There's also writers, producers, cinematographers, editors, actors. So many people go into what makes a film great. The Exorcist, The French Connection, and Bug are all adaptions of pretty successful works with Blatty writing his own screenplay adaption and Bug presumably holding to Letts' play staging quite a bit and Shannon reprising his performance. None of that is to take away from Freidkin but it speaks to like the "auteur" theory. Auteurs tend to be either very hands on with a wide array of their films or work with the same key crew a lot. Other directors just go from job to job and project to project.
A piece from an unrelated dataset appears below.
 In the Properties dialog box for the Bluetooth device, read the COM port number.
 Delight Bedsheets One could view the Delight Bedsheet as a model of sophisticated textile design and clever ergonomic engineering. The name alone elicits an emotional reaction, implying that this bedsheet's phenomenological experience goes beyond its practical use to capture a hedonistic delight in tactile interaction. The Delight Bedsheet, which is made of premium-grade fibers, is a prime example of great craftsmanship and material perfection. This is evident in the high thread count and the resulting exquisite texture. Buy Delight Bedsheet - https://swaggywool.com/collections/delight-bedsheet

We started with "directors" in this thing and its a good starting place and way to frame our entries and collect films. But really, filmmaking is so much broader and more complicated that. And I've been brainstorming ways to adapt the tournament to that if we go again next year.

Franchescanado
Feb 23, 2013

If it wasn't for disappointment
I wouldn't have any appointment

Grimey Drawer
I just finished watching The Guardian; and my conclusion is that the biggest flaw is in the editing.

STAC Goat
Mar 12, 2008

Watching you sleep.

Butt first, let's
check the feeds.

As an editor, I disagree. The editing is bad, no doubt, but Seth Flaum has an unspectacular but workman like resume. An editor can only put together what they're given. The bigger issue seems to be that the film started as a campy Raimi project about a regular nanny who steals babies and gradually got rewritten and tweaked in a supernatural thriller by Friedkin trying to capitalize off of the Exorcist. You can clearly see those traces of Raimi in the film with scenes that feel like they belong to another film entirely and the whole thing feels like a movie that was being rewritten while filming. And there's only so much an editor can do to put two films together in post.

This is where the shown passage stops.